Computer scientists and biologists at the Department of Energy's Lawrence Berkeley National Laboratory have developed software that can select tens of thousands of high-quality images of biological molecules from electron microgaphs, rapidly and automatically, with accuracy approaching that of experienced human analysts.
The new algorithm, described as "particle picking by segmentation," promises to greatly increase the speed and power of methods for determining biological structures at high resolution, based on data from electron microscopy.
When what's needed is a high-resolution structure of a large and complicated biological molecule -- a ribosome, say, which combines protein and RNA, or a membrane protein that readily falls apart in water and is hard to crystallize -- biologists often turn to cryo-electron microscopy (cryo-EM) to perform single-particle reconstruction.
Understanding structure is often the key to devising antibiotics and other therapies that can interfere with unwanted biological activity -- for example, the ability of infectious bacteria to synthesize proteins can be wrecked by jamming their ribosomes, if the ribosome structure is known in detail. Single-particle reconstruction with cryo-EM holds the promise of providing many high-resolution structures which may be difficult or impossible to obtain otherwise.
Instead of trying to coax molecules to arrange themselves in a repeating crystalline structure, as is necessary for x-ray crystallography, cryo-EM uses individual molecules frozen in random orientations. Capturing two-dimensional images of the molecule from many different angles allows powerful computers to recreate the structure in three dimensions, a process molecular biologist Robert Glaeser of Berkeley Lab's Physical Biosciences and Life Sciences Divisions, who is also a professor of biochemistry and molecular biology at the University of California at Berkeley, calls "crystallization in silico."

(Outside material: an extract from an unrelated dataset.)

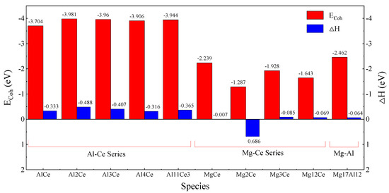 Figure 2. The contrast of ECoh and △H among Al-Ce, Mg-Ce, and Mg-Al phases.

"In theory, you need twice as many particles as the molecular weight of what you want to image," explains Umesh Adiga, a member of Glaeser's laboratory and a staff scientist in the Physical Biosciences Division. Molecular weight roughly corresponds to the number of atoms in the molecule. "So for a molecule with half a million atoms, you need a million particle images -- thousands for each orientation."
These must be chosen from many millions of candidates, and each must show the whole particle and nothing but the particle. A typical micrograph may show fifteen hundred or more particles, but picking them out isn't easy. The microscope's electron beam has to be kept at low power to prevent radiation damage, so the signal-to-noise ratio is low and the particles are barely perceptible shapes in a field of gray.
Automatic particle-picking methods have been devised to meet this challenge, but until now even the best yield more than 30 percent false positives -- either poor-quality images of particles or something else altogether, like debris or background noise. Therefore "a human still has to go through them and pick out the good ones," Adiga says.
Adiga and his colleagues decided that concentrating too much attention on the particle itself in the early stages of picking -- for example, approximating its shape and creating a template into which real images are forced to fit, a process common to all previous automatic methods -- simply added to the difficulty. "We decided that if there's noise, there's noise, so at first let's not deal with the particle but with the noise," he says. "If the particle is the foreground, we deal with the background."
By first establishing the average gray-scale range of the particles of interest, contrast can be maintained while the fine texture of the background is smoothed out. The smoothed-out background is then subtracted.
The next steps involve a procedure called segmentation, developed by Adiga and his colleagues. After the background is subtracted, the micrograph is rendered in high contrast. Only shapes of a certain size and brightness are retained; all the rest are thrown away in a step called binarization, or thresholding. "You need not know how the particle looks before you set out to pick good images of it, only how big it is," says Adiga.
The thresholding procedure is iterative, but eventually the processed high-contrast particle images can be matched unambiguously with their originals in the more highly detailed, low-contrast micrograph. Some images may still remain problematic -- for example, some particles may be so close together they appear to be touching; in these cases, an additional procedure called "pinch-off" separates candidates that aren't actually connected and discards those that are. Boxes are drawn around the final picks and their image quality is enhanced by an operation called "shrink-wrapping."
If a portion of an adjacent particle protrudes into the box, it is automatically discarded and replaced with a pattern textured like the rest of the background. At this end stage of the procedure -- although not at the beginning -- it may be advantageous to use templates (which include shape information about the particle) to refine identifications.
Scores of micrographs are needed to supply the hundreds of thousands of particles in a typical large-molecule reconstruction, but a program user needs to set parameters like particle size and gray-scale range only once, on a single micrograph. Thereafter the program runs on its own, sorting through each micrograph in about ten minutes.
Adiga and his colleagues tested the new algorithm by using it to pick images from among over 130,000 ribosome particles in 55 micrographs provided by the Wadsworth Center of the New York State Department of Health in Albany. Adiga separately inspected the 55 micrographs by eye and "manually" selected particles, well over 80 percent of which turned out to be the same as those picked by the program. Fewer than 10 percent of the images chosen by the program were false positives.